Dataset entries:

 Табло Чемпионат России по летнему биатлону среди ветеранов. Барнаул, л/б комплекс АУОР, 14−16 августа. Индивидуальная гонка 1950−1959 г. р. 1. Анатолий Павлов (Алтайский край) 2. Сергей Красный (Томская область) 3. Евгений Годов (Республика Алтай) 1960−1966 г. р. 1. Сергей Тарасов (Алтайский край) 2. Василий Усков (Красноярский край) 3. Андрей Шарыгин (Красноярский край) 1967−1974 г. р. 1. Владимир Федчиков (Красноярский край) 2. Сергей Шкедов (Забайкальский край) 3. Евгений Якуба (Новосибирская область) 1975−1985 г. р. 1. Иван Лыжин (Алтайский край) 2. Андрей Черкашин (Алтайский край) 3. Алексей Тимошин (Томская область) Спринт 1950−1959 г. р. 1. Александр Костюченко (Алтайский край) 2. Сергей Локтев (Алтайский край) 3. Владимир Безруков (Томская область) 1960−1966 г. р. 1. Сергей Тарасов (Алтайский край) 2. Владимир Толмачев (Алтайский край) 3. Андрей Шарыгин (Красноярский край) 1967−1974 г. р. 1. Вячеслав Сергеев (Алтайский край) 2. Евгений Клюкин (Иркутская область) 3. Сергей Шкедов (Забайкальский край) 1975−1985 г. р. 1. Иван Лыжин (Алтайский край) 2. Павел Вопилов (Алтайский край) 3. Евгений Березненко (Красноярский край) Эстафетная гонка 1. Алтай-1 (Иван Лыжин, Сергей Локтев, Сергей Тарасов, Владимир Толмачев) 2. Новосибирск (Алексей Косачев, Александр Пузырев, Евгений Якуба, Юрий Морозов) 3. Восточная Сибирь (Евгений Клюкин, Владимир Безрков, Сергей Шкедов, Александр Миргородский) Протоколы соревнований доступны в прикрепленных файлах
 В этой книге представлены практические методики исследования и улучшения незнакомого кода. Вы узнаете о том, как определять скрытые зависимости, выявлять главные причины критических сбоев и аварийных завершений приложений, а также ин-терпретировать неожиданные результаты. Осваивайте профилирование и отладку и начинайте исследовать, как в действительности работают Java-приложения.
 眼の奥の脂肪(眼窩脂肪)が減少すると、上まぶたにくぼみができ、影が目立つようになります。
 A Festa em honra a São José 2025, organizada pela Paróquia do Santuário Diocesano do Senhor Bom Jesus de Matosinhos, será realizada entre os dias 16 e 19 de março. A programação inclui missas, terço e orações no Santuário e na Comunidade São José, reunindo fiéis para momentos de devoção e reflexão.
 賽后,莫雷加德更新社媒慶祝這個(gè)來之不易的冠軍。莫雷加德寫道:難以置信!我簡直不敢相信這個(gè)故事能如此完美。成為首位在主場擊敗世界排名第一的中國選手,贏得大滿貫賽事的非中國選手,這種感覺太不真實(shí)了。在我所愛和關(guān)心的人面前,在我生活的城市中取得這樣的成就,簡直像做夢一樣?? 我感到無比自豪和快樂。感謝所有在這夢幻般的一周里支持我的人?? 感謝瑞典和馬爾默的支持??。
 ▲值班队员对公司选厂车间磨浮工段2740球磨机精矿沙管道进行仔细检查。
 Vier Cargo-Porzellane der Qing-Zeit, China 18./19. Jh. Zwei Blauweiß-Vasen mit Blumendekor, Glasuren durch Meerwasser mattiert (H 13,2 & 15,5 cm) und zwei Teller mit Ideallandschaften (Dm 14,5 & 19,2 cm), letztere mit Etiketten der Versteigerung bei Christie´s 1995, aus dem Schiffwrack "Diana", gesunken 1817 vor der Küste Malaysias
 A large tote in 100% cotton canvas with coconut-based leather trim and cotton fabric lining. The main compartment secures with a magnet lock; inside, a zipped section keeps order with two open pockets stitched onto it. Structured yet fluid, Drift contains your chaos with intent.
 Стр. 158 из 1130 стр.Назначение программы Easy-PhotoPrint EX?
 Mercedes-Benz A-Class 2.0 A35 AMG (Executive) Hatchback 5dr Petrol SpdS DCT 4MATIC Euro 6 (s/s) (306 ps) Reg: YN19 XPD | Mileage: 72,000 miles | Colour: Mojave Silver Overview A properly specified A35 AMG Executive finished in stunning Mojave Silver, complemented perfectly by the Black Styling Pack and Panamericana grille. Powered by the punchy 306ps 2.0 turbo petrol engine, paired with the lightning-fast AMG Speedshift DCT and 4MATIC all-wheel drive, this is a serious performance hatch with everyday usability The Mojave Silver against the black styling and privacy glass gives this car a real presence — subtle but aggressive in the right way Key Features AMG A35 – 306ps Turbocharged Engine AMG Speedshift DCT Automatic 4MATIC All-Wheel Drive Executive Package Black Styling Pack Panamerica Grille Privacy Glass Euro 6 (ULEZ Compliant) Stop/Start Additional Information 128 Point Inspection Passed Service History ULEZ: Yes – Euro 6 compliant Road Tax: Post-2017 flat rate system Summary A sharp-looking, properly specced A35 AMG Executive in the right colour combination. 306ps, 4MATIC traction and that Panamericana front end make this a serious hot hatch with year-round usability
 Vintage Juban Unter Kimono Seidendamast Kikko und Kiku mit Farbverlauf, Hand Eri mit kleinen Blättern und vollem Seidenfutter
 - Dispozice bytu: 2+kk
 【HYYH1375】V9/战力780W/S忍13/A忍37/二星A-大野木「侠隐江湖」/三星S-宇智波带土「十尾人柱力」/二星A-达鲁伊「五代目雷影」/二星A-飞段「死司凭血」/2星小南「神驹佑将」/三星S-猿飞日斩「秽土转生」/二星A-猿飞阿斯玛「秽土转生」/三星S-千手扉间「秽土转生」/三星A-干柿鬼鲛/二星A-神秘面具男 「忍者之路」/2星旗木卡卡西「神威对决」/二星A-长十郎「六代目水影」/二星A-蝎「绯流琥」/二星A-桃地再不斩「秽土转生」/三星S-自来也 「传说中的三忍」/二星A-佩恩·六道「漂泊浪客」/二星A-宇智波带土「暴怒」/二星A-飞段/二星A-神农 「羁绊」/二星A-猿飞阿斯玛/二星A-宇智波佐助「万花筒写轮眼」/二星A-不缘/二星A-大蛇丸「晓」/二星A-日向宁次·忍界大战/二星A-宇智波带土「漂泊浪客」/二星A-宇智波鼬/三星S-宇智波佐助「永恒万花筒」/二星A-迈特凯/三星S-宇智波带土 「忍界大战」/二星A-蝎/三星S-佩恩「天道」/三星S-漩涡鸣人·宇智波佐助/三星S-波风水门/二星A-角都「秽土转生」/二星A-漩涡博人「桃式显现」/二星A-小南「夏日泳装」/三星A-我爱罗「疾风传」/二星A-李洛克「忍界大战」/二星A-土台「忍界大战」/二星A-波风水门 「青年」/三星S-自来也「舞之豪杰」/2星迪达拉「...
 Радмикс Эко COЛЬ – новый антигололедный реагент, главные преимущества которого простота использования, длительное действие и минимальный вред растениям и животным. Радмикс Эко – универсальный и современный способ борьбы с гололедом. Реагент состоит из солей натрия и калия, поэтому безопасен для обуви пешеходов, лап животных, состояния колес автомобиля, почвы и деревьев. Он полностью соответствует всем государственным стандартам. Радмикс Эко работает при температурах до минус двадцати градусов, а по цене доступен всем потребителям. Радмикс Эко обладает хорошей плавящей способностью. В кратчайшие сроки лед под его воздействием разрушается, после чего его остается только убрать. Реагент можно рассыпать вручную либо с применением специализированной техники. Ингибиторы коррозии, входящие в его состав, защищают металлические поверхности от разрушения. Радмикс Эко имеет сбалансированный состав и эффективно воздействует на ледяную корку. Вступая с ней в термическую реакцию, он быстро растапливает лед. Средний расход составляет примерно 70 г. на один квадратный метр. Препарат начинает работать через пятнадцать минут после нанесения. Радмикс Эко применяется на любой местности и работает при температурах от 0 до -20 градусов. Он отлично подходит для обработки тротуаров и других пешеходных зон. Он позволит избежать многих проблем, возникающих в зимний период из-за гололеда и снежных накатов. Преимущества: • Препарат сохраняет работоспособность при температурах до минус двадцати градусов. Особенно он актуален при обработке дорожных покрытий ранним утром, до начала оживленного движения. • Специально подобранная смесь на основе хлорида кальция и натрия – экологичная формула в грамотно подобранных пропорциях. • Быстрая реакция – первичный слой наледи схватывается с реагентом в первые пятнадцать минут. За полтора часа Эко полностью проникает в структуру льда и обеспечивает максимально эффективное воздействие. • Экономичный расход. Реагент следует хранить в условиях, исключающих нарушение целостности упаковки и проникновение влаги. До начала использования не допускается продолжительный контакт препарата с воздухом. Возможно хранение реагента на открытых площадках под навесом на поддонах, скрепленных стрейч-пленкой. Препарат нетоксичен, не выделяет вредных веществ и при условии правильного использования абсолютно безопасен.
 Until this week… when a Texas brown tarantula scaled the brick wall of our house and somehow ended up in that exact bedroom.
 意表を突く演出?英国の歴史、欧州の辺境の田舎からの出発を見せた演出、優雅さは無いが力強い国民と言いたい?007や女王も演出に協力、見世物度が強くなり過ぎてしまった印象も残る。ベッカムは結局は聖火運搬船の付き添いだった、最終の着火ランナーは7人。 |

TASK OBJECTIVE:
The lines needed run from the first line of the data through the line containing "眼の奥の脂肪(眼窩脂肪)が減"; give them again exactly and nothing else.

PROBLEM SOLUTION:
 Табло Чемпионат России по летнему биатлону среди ветеранов. Барнаул, л/б комплекс АУОР, 14−16 августа. Индивидуальная гонка 1950−1959 г. р. 1. Анатолий Павлов (Алтайский край) 2. Сергей Красный (Томская область) 3. Евгений Годов (Республика Алтай) 1960−1966 г. р. 1. Сергей Тарасов (Алтайский край) 2. Василий Усков (Красноярский край) 3. Андрей Шарыгин (Красноярский край) 1967−1974 г. р. 1. Владимир Федчиков (Красноярский край) 2. Сергей Шкедов (Забайкальский край) 3. Евгений Якуба (Новосибирская область) 1975−1985 г. р. 1. Иван Лыжин (Алтайский край) 2. Андрей Черкашин (Алтайский край) 3. Алексей Тимошин (Томская область) Спринт 1950−1959 г. р. 1. Александр Костюченко (Алтайский край) 2. Сергей Локтев (Алтайский край) 3. Владимир Безруков (Томская область) 1960−1966 г. р. 1. Сергей Тарасов (Алтайский край) 2. Владимир Толмачев (Алтайский край) 3. Андрей Шарыгин (Красноярский край) 1967−1974 г. р. 1. Вячеслав Сергеев (Алтайский край) 2. Евгений Клюкин (Иркутская область) 3. Сергей Шкедов (Забайкальский край) 1975−1985 г. р. 1. Иван Лыжин (Алтайский край) 2. Павел Вопилов (Алтайский край) 3. Евгений Березненко (Красноярский край) Эстафетная гонка 1. Алтай-1 (Иван Лыжин, Сергей Локтев, Сергей Тарасов, Владимир Толмачев) 2. Новосибирск (Алексей Косачев, Александр Пузырев, Евгений Якуба, Юрий Морозов) 3. Восточная Сибирь (Евгений Клюкин, Владимир Безрков, Сергей Шкедов, Александр Миргородский) Протоколы соревнований доступны в прикрепленных файлах
 В этой книге представлены практические методики исследования и улучшения незнакомого кода. Вы узнаете о том, как определять скрытые зависимости, выявлять главные причины критических сбоев и аварийных завершений приложений, а также ин-терпретировать неожиданные результаты. Осваивайте профилирование и отладку и начинайте исследовать, как в действительности работают Java-приложения.
 眼の奥の脂肪(眼窩脂肪)が減少すると、上まぶたにくぼみができ、影が目立つようになります。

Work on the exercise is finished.